Beim Verkauf „kommt es nicht auf dem vollen Wert an, sondern darauf, was man auf dem Markt erzielen kann“, so Hardenacke. Im Fall Aub wären es 300 000 Euro gewesen, also weit mehr als 190 000 Euro.
Die Landkreisverwaltung will nach entsprechenden Gesprächen mit der Regierung von Unterfranken nun nicht mehr am Verkauf festhalten. Der Kreistag soll nun noch mal damit befasst werden, lässt Landrat Eberhard Nuß mitteilen.
Manfred Ländner, CSU-Fraktionsvorsitzender, stößt das Vorgehen seiner beiden Kreistagskollegen sauer auf. „Die Entscheidung, das Gebäude an Aub zu verkaufen, war politisch richtig. Wir wollten damit auch den ländlichen Raum stärken“, sagt er.
FDP und ödP starten Transparenzoffensive
„Jetzt brauchen wir eine intelligente Lösung, die der Stadt Aub strukturpolitisch hilft und trotzdem die Vorgaben der Landkreisordnung einhält“, so Stefan Wolfshörndl, Vorsitzender der SPD-Fraktion im Kreistag. Dabei räumt er ein, dass er auch kein Freund davon war, die Immobilie zu verschenken – aber im Hinblick auf die Situation in Aub brauchte es eine pragmatische Lösung.
„Das ehemalige Seniorenwohnheim in Aub kostet uns 70 000 Euro Unterhalt im Jahr“, sagt Christoph Trautner, Fraktionsvorsitzender der Grünen. „Deswegen müssen wir schnell eine Lösung finden.“ Ratlos ist er, wie diese aussehen kann. „Dann steht vielleicht der Abbruch an“, sagt er und verweist auf Ochsenfurt, wo das ehemalige Personalwohnheim der Main-Klinik nun der Abrissbirne zum Opfer fällt, weil es nicht rentabel ist.

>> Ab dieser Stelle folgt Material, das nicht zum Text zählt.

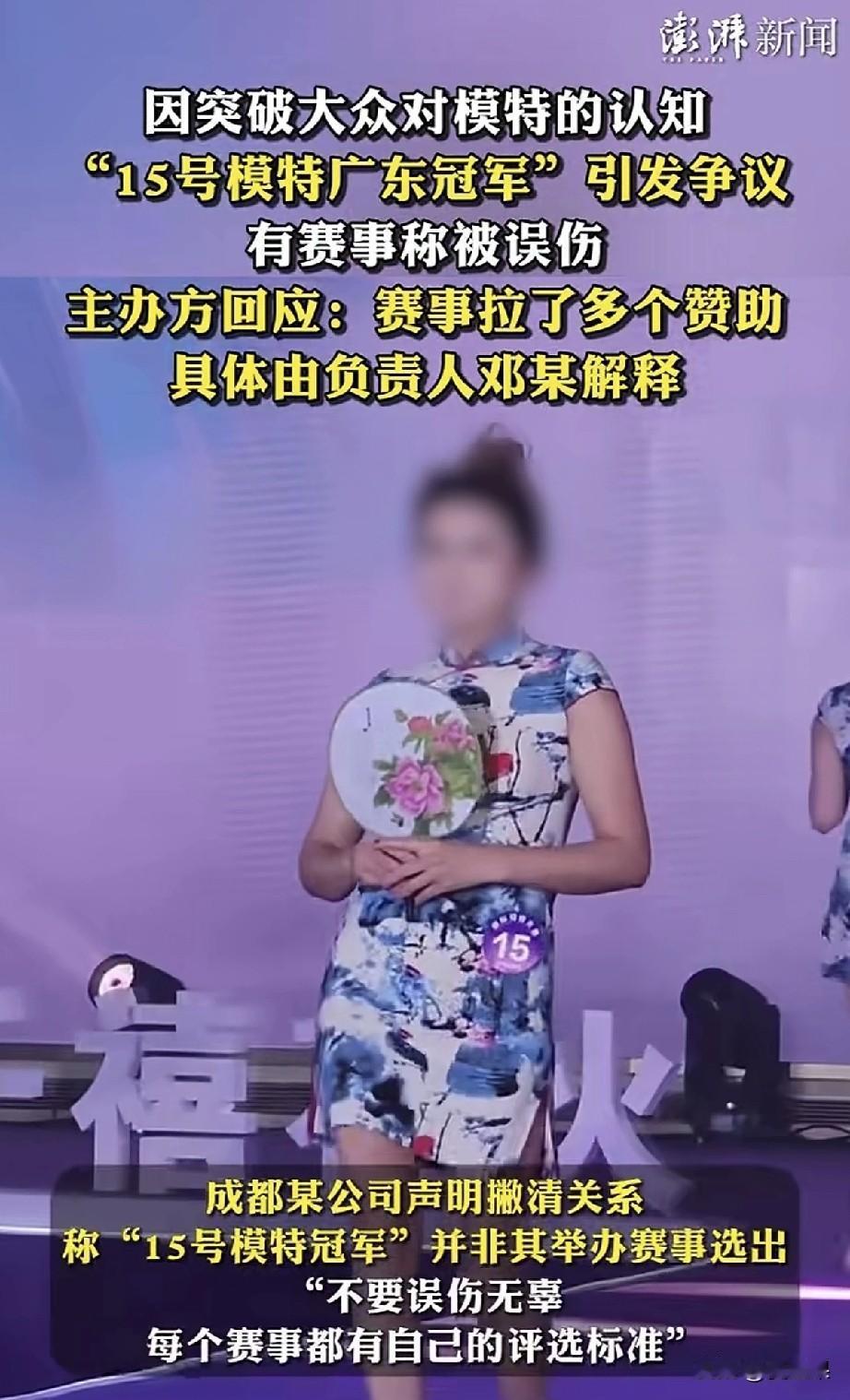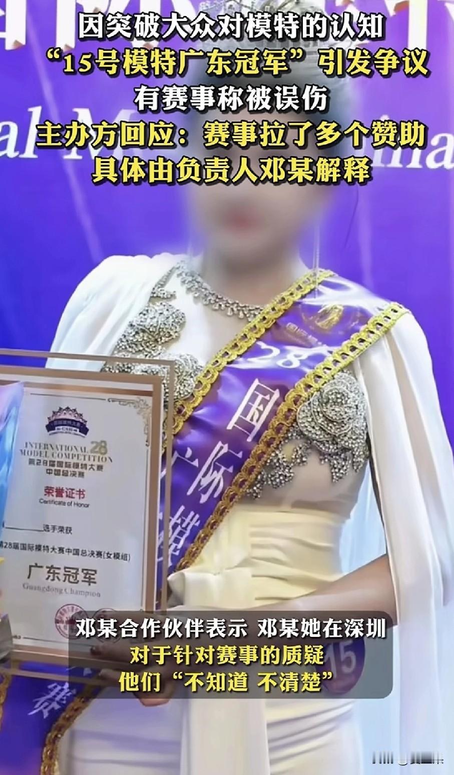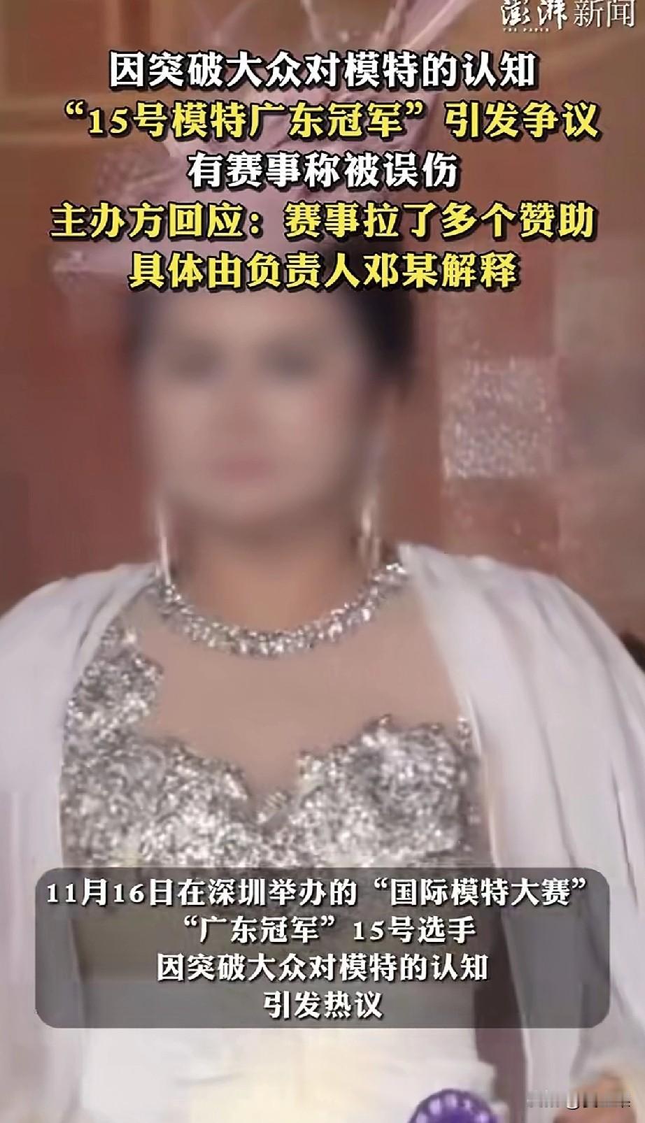 难为评委了, 广东赛区, 面对台上参加国际模特大赛的珠圆玉润的参赛选手, 评,还是不评? 结果是必须得评,还得是冠军。 也许有人说得对, 每一届赛事都有自己的评选标准,不一而足,我这届广东赛区,就是这样的标准,能怎么样吧? 唐朝以胖为美,谁说就不行了? 还要为这些参赛选手鼓掌,因为她们有勇气。人生每个阶段有每个阶段的美,千人眼中有一千个哈姆雷特。 现在模特比赛都是一个标准,太单一了,就像那些服装模特,也不能只有那些大长腿,因为平常人平时穿不了, 那为什么就不能选出代表素人的模特呢? 她们展示的衣服,可能更受大众欢迎。 但主要是吧,这些评选出来的将来是要参加全国甚至国际赛事的, 那规则不是广东赛区决定的,到时候也会全军覆没呀。 我突然明白了这次评委的意图,有什么为难的? 让怎么评就怎么评,咱不得罪人,参加全国甚至国际被淘汰,总不能说是我们评委的责任。 有没有责任被人诟病是肯定的,现在就会有人说,泱泱大省,选不出来模特了不是? 所以主办方出来甩锅了:都是具体负责人某某人负责的,有事儿找她。 哎呀,真是难办。

„Wir wollen, dass alle Bieter fair und gleich behandelt werden“, sagt Kreisrat Wolfgang Kuhl (FDP). „Das sollte man sich bei einer erneuten Ausschreibung zu Herzen nehmen.“ Generell fordern Kuhl und Henneberger (ödp) einen anderen Umgang mit der Öffentlichkeit im Landkreis Würzburg. „Wir werden im Kreistag eine Transparenzoffensive starten, um verlorenes Vertrauen zurückzugewinnen“, so Henneberger. Auch die derzeit intensiv laufenden Planungen am Kreiskrankenhaus in Ochsenfurt wären besser in der Öffentlichkeit aufgehoben, kündigen Kuhl und Henneberger in einer Pressemitteilung an.